Three filter fluids for the liquid filter channel were compared: water, Therminol-66, and an AgSiO₂-ethylene-glycol (AgSiO₂-eg) nanofluid. Fully coupled 3-D ray-tracing, electrical and CFD sub-models—each validated against literature data to within 10 %—were solved in COMSOL Multiphysics 6.1.

Key results
• At an irradiance of 1000 W m⁻², a wind speed of 1 m s⁻¹, and a filter-to-primary mass flowrate ratio of 0.2, the proposed collector delivered:
– an electrical efficiency of 15 %
– an overall, maximum thermal efficiency of 45 % (primary: 30 %; filter: 15 %)
– a filter channel outlet flow temperature of 100 °C at 5 % efficiency, allowing direct steam or process-heat applications.
• Use of the AgSiO₂-eg nanofluid filter raised the filter’s thermal efficiency to ≈ 41 %—a 25 % absolute improvement over water or Therminol-66—pushing the overall thermal efficiency to ≈ 60 %, while the electrical efficiency dropped by only ≈ 5 % absolute (≈ 10 % vs 15 %), showing effective spectral decoupling.
• Parametric studies revealed a plateau in performance above a 0.24 mass flowrate ratio, beyond which pumping penalties outweigh gains.

Research significance
By developing the first fully-validated 3-D SSCPV-T collector design tool and using this to quantifying the performance of a proposed SSCPV-T collector, the study provides designers with a validated tool and a blueprint for next-generation, high-performance total-solar-utilisation cogeneration systems.

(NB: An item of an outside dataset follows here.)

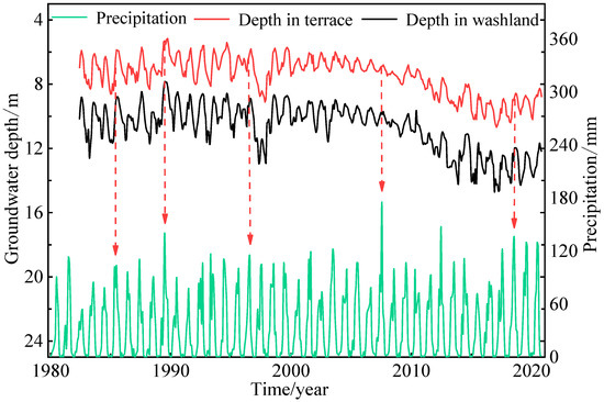 It can be seen from the correlation between the monthly groundwater depth and the rainfall of this month and the previous month in Table 2 that there is a significant negative correlation between the groundwater depth and the rainfall from July to September, while the correlation is weak from October to June of the next year, indicating that the groundwater depth is more sensitive to the response of rainfall in the rainy season. According to the correlation coefficients of different hydrogeological units, the groundwater depth in the floodplain (near the river zone) area has the strongest correlation with rainfall, and the response to rainfall is the most sensitive, followed by the terrace. In addition, the correlation between the groundwater depth and rainfall in the same month is stronger than that of the previous month in the flood plain area, while the correlation between the groundwater depth and rainfall of this month is weaker than that of the previous month in the terrace area, indicating that the lag effect of groundwater on rainfall in the terrace area is more obvious. The main reason is that the terraces are mostly hard impervious interfaces such as construction land or roads under the process of urbanization, which leads to the decrease and delay in effective rainfall recharge. In addition, the influence of human exploitation activities makes the groundwater depth increase, resulting in a thicker aeration zone and more water retention, resulting in a delayed groundwater recharge cycle. Therefore, the rainfall in the study area has a certain recharge lag in terms of the groundwater depth.

The AgSiO₂-eg nanofluid configuration is particularly attractive for industrial users prioritising high-grade heat, while the water-based design remains cost-effective for medium-temperature applications. All modelling tools and optical/thermal correlations are being released open-source to accelerate commercial uptake.
DOI: 10.1007/s11708-025-1028-y